The problem reproduces both on our Linux (Debian) servers and on my Windows machine, and with both Java 1.6 and 1.7, so it appears to depend solely on Jetty.

Does anyone have any idea what could be causing this, and if there's something I can do about it?

Answer

Sven picture Sven · Jan 31, 2012

I believe I have found the answer myself, by looking through the Jetty source code. It's actually a complex interplay of the response buffer size, the size of the buffer passed to outStream.write, and whether or not outStream.flush is called (in some situations). The issue is with the way Jetty uses its internal response buffer, and how the data you write to the output is copied to that buffer, and when and how that buffer is flushed.

If the size of the buffer used with outStream.write is equal to the response buffer (I think a multiple also works), or less and outStream.flush is used, then performance is fine. Each write call is then flushed straight to the output, which is fine. However, when the write buffer is larger and not a multiple of the response buffer, this seems to cause some weirdness in how the flushes are handled, causing extra flushes, leading to bad performance.

In the case of chunked transfer encoding, there's an extra kink in the cable. For all but the first chunk, Jetty reserves 12 bytes of the response buffer to contain the chunk size. This means that in my original example with a 64KB write and response buffer, the actual amount of data that fit in the response buffer was only 65524 bytes, so again, parts of the write buffer were spilling into multiple flushes.
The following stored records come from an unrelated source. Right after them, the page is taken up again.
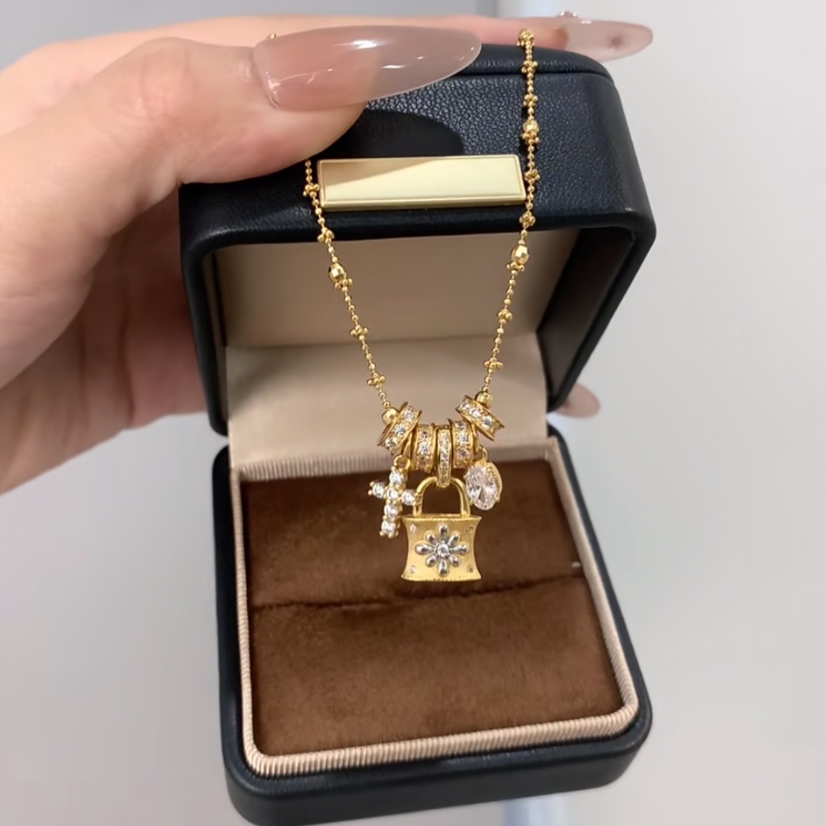 Gold French Cross Lock Oval Gemstone Pendant Necklace 2025 New Hot Style Accessible Luxury Fashion High-End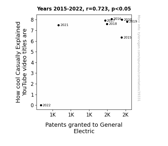 This means 52.2% of the change in the one variable (i.e., Patents granted to General Electric) is predictable based on the change in the other (i.e., How cool Casually Explained YouTube video titles are) over the 8 years from 2015 through 2022.
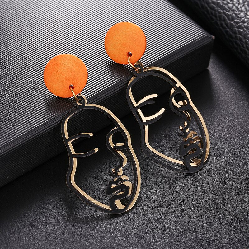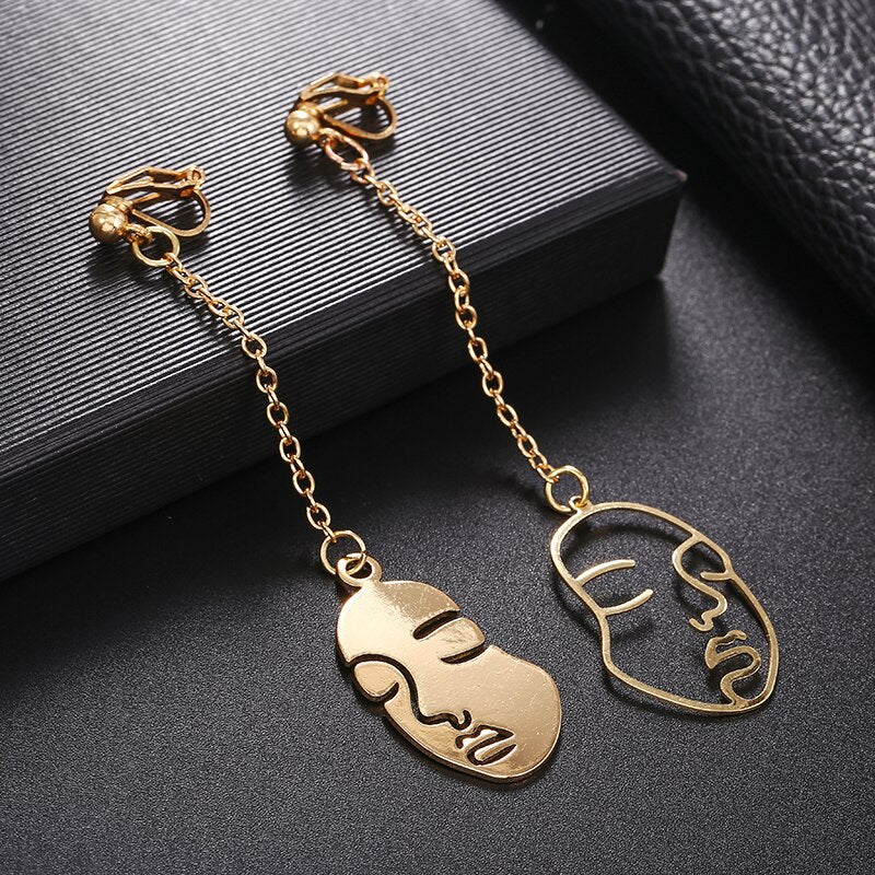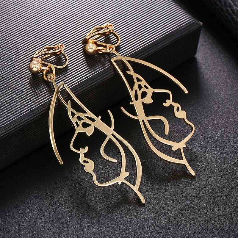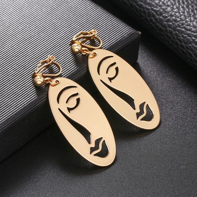 Pendientes de moda: ¡Novedad! Pendientes de clip con cara hueca, elegantes y abstractos, sin perforaciones, para niñas.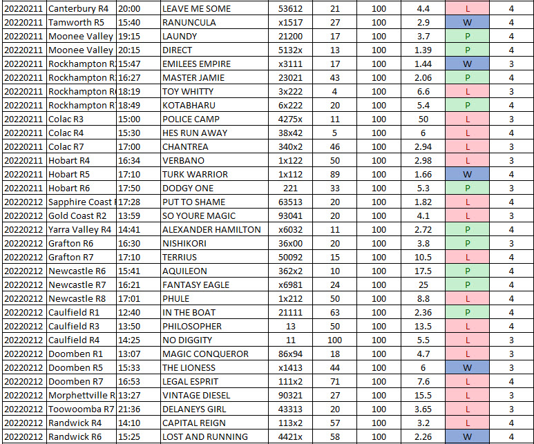 This will build a into a nice database you can start accumulating into a powerful sortable excel spreadsheet for both gallops and harness races.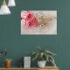 En klassisk elegant poster med ro och pärlor med fluffa fjädrar i förgrunden. Mycket feminin och söt.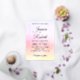Modern personalised wedding invitation featuring an abstract watercolor background in shades of soft purple, pink, orange and yellow with your custom text.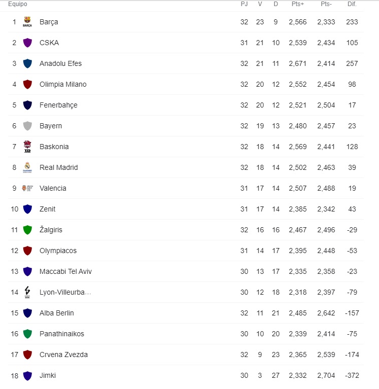 A falta de dos jornadas para el final, el Real Madrid es octavo y tiene un balance de 18 victorias y 14 derrotas. Las mismas que el Baskonia. Zenit y Valencia llevan 17 y 14 pero ambos han disputado un partido menos. Los de Pablo Laso tienen el average ganado con el equipo ruso pero perdido con los dos equipos españoles. Sin embargo, hay un duelo entre el Valencia y Baskonia el 8 de abril, en la última jornada de la fase regular.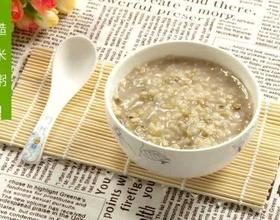 高压锅中倒入绿豆,洗净的糙米、大米。

Looking at a captured network trace of this scenario, I see that the first chunk is 64KB, but all subsequent chunks are 65524 bytes. In this case, outStream.flush makes no difference.

When using a 4KB buffer I was seeing fast speeds only when outStream.flush was called. It turns out that resp.setBufferSize will only increase the buffer size, and since the default size is 24KB, resp.setBufferSize(4096) is a no-op. However, I was now writing 4KB pieces of data, which fit in the 24KB buffer even with the reserved 12 bytes, and are then flushed as a 4KB chunk by the outStream.flush call. However, when the call to flush is removed, it will let the buffer fill up, again with 12 bytes spilling into the next chunk because 24 is a multiple of 4.

In conclusion

It seems that to get good performance with Jetty, you must either:

  • When calling setContentLength (no chunked transfer encoding) and use a buffer for write that's the same size as the response buffer size.
  • When using chunked transfer encoding, use a write buffer that's at least 12 bytes smaller than the response buffer size, and call flush after each write.

Note that the performance of the "slow" scenario is still such that you'll likely only see the difference on the local host or very fast (1Gbps or more) network connection.

I guess I should file issue reports against Hadoop and/or Jetty for this.